Different . . . for boys;Briefing;Document of the month

11th June 1999 at 01:00
In part three of The TES guide to the curriculum review, Sarah Cassidy looks at English

THE NEW English curriculum is a much more clear and streamlined document than the existing programmes of study.

No major changes are proposed although new emphasis is given to a wider range of reading and writing skills and clearer progression between the age groups.

However, English is one of the subjects which attracted the last-minute attention of Education Secretary David Blunkett. He is particularly concerned about the gap between boys' and girls' literacy standards, and personally intervened to introduce a new statutory list of boy-friendly teaching strategies.

The revised curriculum says "specific provision for improving boys' achievement in English should be made". Teachers should recognise and build on what boys do well in English, and channel their ability in spoken language into constructive drama and role play.

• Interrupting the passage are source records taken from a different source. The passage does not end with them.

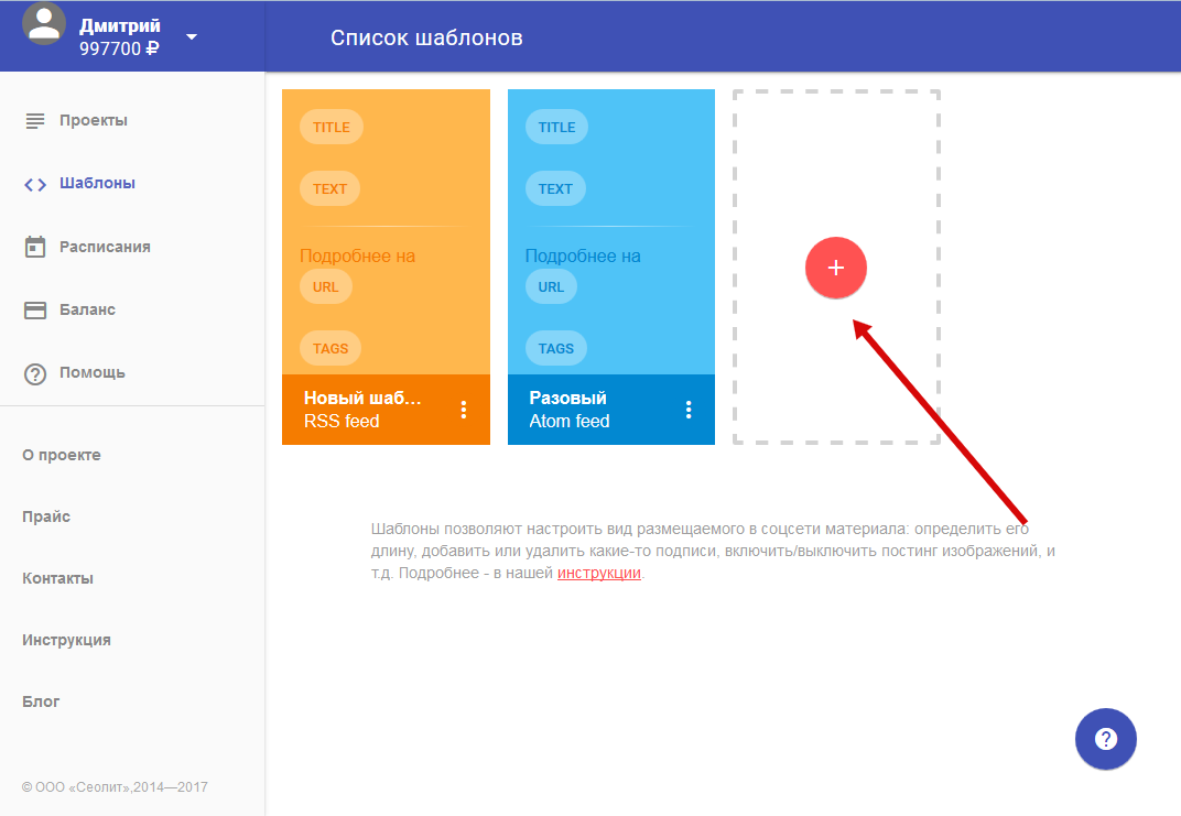 Новые шаблоны можно создать из меню слева "Шаблоны"
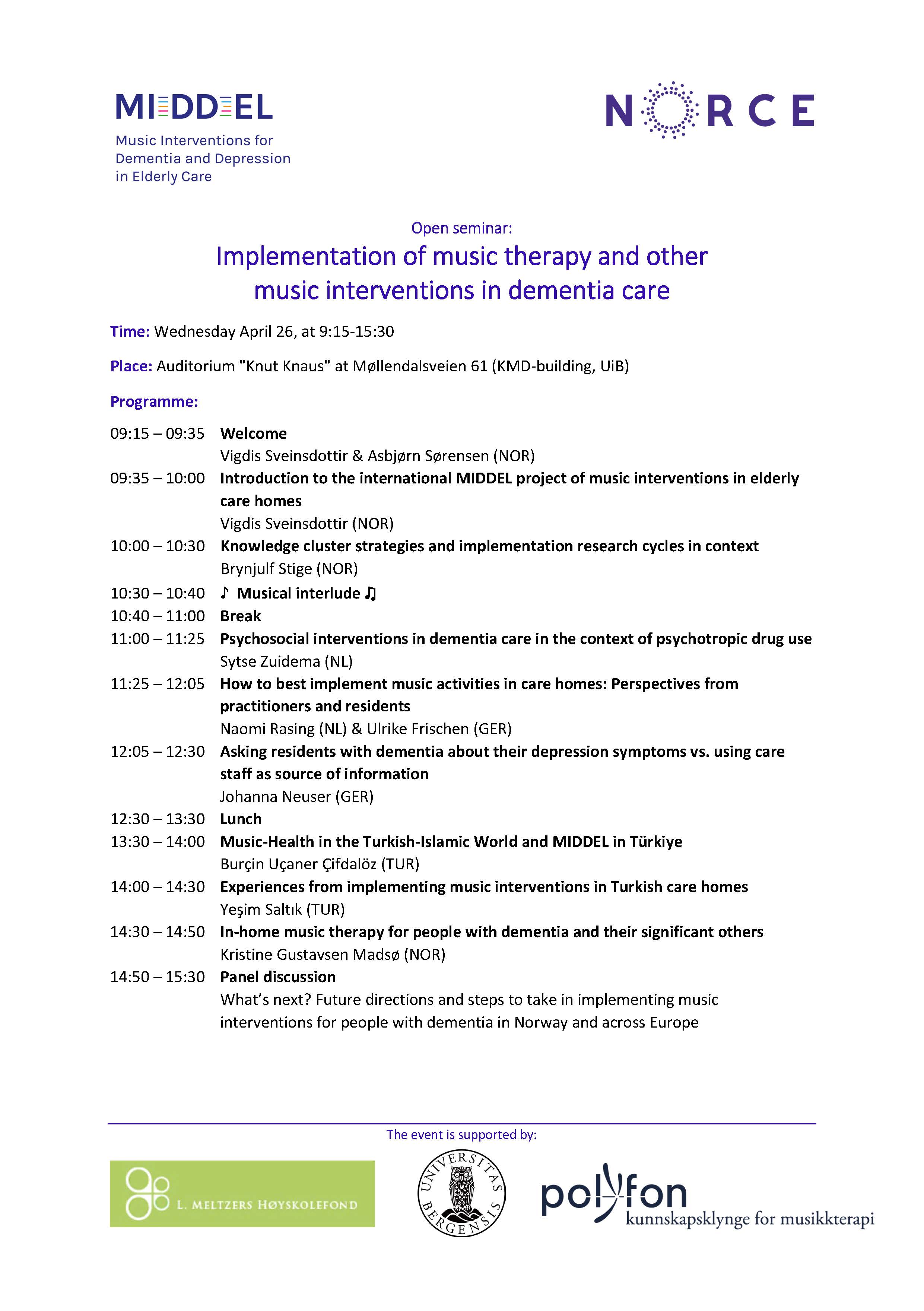 MIDDEL OPEN SEMINAR: Implementation of music therapy and other music interventions in dementia care
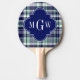 Mint Navy White Preppy Madras Quatrefoil Monogram Ping Pong Paddle
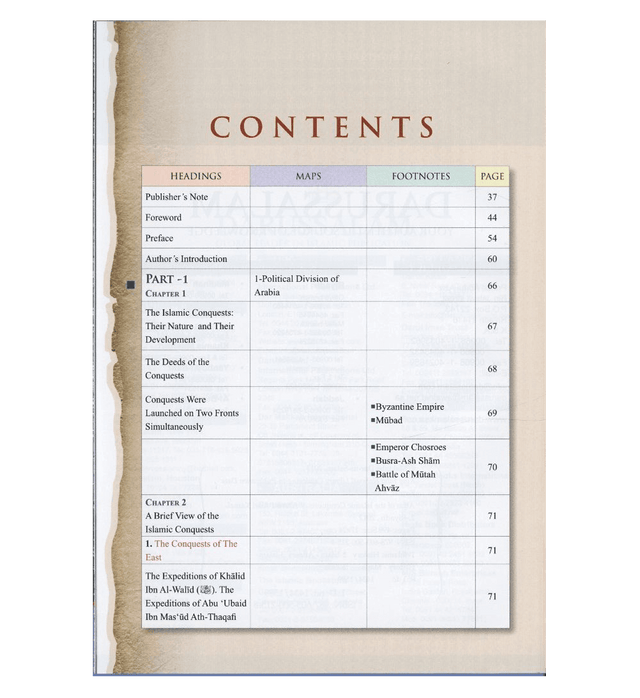 Periodic Golden History of Islamic Conquests - Atlas of the Islamic Conquests From the Caliphate of Abu Bakr رضی الله عنه to the Height of the Ottoman Caliphate. From Central Asia to Morocco, Spain and Central Europe. History is a mirror of the past days and nights of nations and communities. Hence the History of Islam is not only a mirror of the fourteen centuries of the Muslim Ummah but it also signifies the best Human Civilization on the face of the earth. So a stark necessity arises to acquaint new generation of Muslim Ummah with great intellectual and political leaders and renowned personalities along with such men of achievements and valiant heroes who defeated false forces in the battle fields in order to propagate the true religion in those lands where darkness and ignorance prevailed. "Atlas of the Islamic Conquests" has been prepared in view of the same lofty aim. In it are events of consecutive days, months & years of major Islamic Conquests, starting from the period of first Caliph Abu Bakr Siddiq رضی الله عنه to the reign of Ottoman Caliph Murad 3, have been described, with full color maps and unique snaps, in such a manner that the reader goes along with them and comes across wonderful historical happenings and new secrets of History are disclosed. Make thorough study of "Atlas of Islamic Conquests" yourself and motivate your children, kith and kins and friends to study it. This unique Atlas, having intrinsic and apparent beauty, is masterpiece of history and research and rich presentation for English readers.
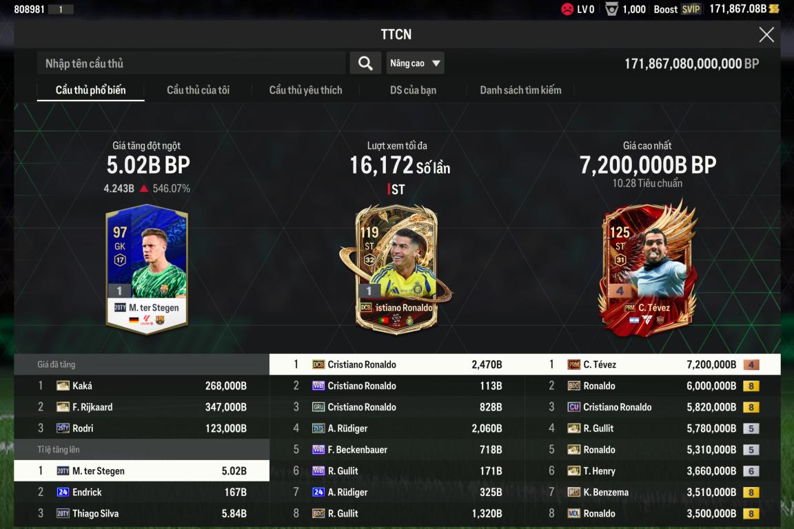 Acc 171k8 tỷ BP Trắng
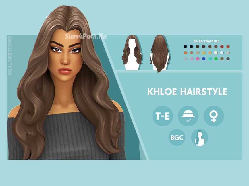 Женская прическа Khloe Hairstyle для Симс 4
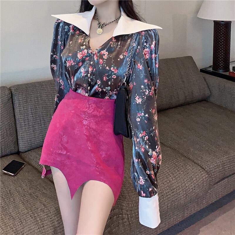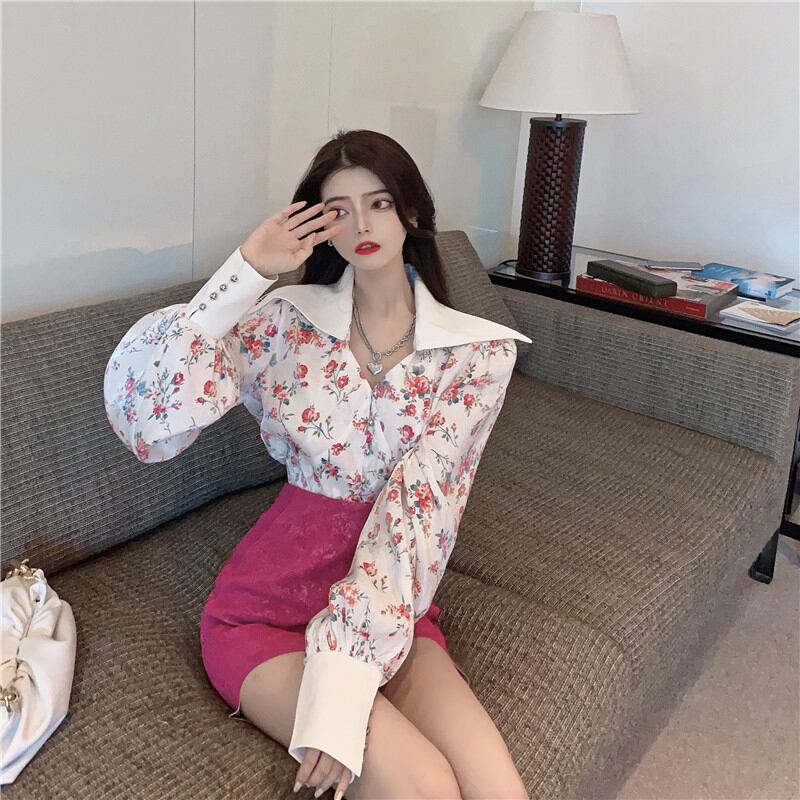 小さな花柄のVネックシャツの女性秋長袖ランタンスリーブシャツジャケットデザインセンスニッチショートアウタージャケット ブラックストロベリース54988706688
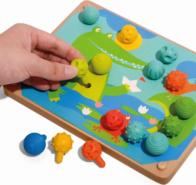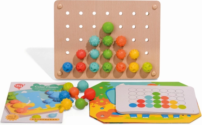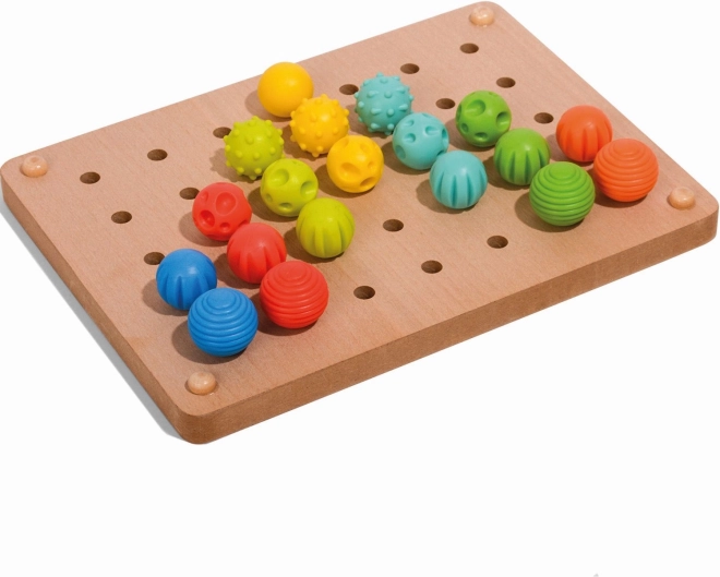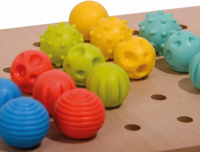 El set incluye 35 clavijas con distintas texturas de superficie, ideales para el desarrollo sensorial de los niños.
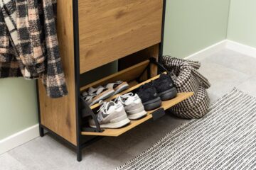Potrebujete več prostora v hodniku? Ta omarica za čevlje bo poskrbela, da bodo vaši čevlji imeli svoj dom. Organizirajte svoje čevlje v treh predelih, pri čemer vsak predel nudi dve sekciji za čevlje. Videza divjega hrasta, v kombinaciji s črnim jeklenim okvirjem, bo modern dodatak v vsakem domu.
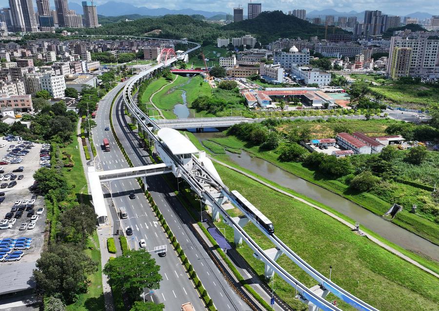 An aerial drone photo shows an autonomous bus running on elevated rails in Pingshan District of Shenzhen, south China's Guangdong Province, July 22, 2024. (Xinhua/Li He)
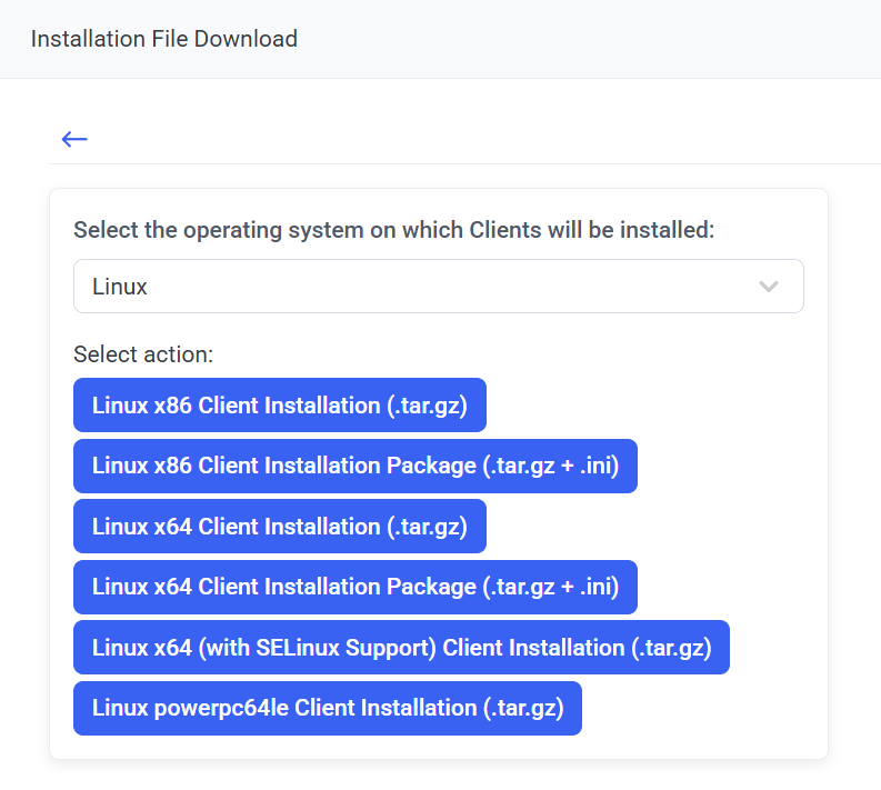 - Linux Client x86/x64 Installation Package (.tar.gz+.ini): To generate an installation package while defining the Linux Client configuration parameters to be used for installing it (see Point 6 below).
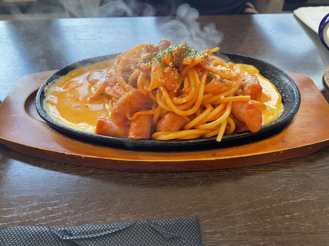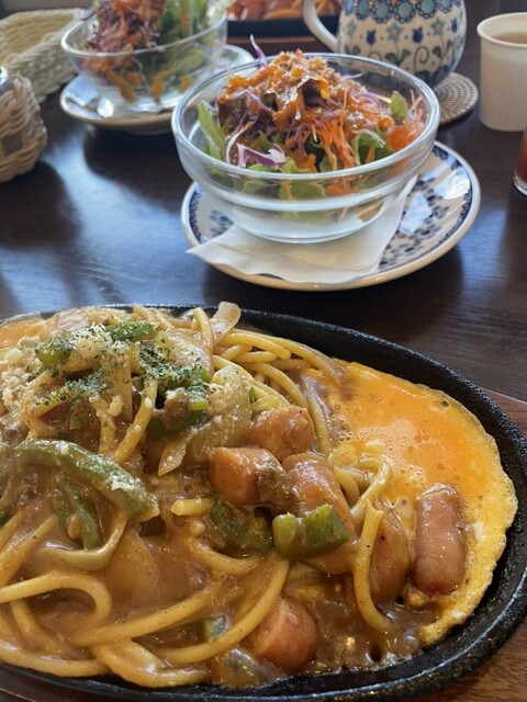 メニューを開けて、パスタを見るとあんかけ風なスパは無く、でもいくつかあったので、妻は、鉄板ナポリタンスパゲッティ、私は、鉄板インディアンカレースパゲッティ、で、それにそれぞれ、ミニサラダをつけて携帯でオーダー。
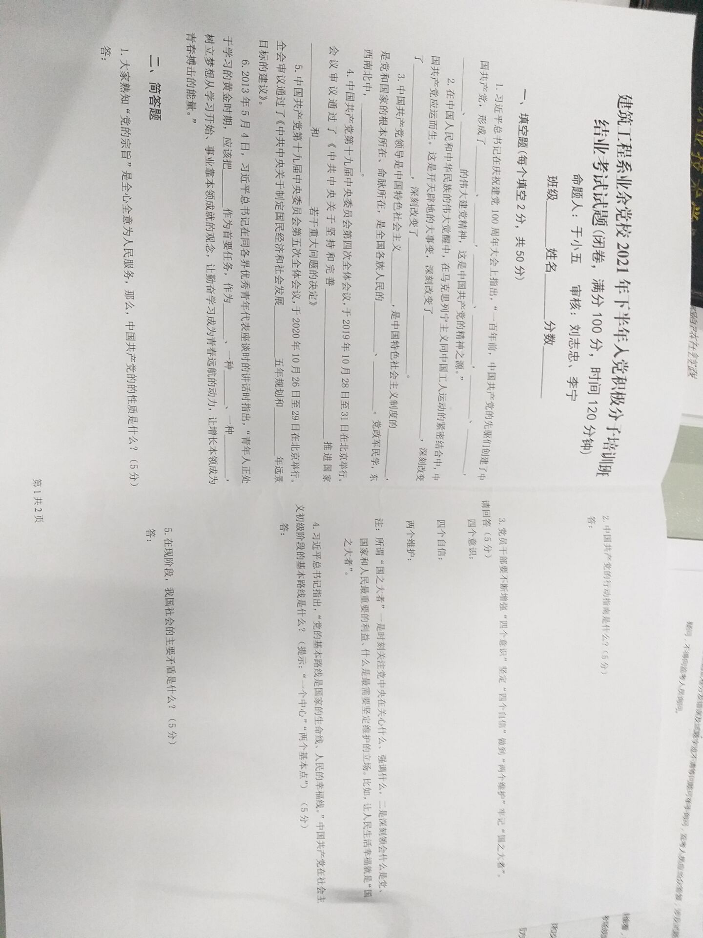 10月15日晚,建筑工程系业余党校2021年下半年入党积极分子培训班结业考试试题在二教1-2教师举行。考试采用闭卷方式进行,满分100分,时间120分钟。通过严肃考产纪律、阅卷,参加考试的71名同学,70名同学考试合格。建筑工程系业余党校入党积极分子培训圆满结束。

They should appreciate that boys like to read "non-literary" texts and develop strategies for making the most of boys' chosen reading, it says.

Teachers are advised to set writing assignments which require concise analysis rather than the traditional use of imagination and expression of feelings which could alienate boys.

However, it ends by insisting that the amount and nature of attention given to boys' and girls' work should be monitored for consistency.

Within the programmes of study themselves, the biggest change is at primary level. This has been rewritten to ensure alignment with the national literacy strategy, which will have been running for two years by the time the new curriculum is introduced.

In reading, infants will first concentrate on using phonics to decode words. In writing, the emphasis is on helping pupils to enjoy writing and to see its value in communicating, creating imaginary worlds, exploring experience and explaining information.

Juniors should begin to analyse and discuss texts while developing the independence and stamina to read more challenging and lengthy books. Non-fiction plays a much bigger part in the list of compulsory materials following national test evidence that pupils struggled with writing non-fiction. Diaries, autobiographies, biographies, letters, leaflets and advertisements are now part of the statutory curriculum.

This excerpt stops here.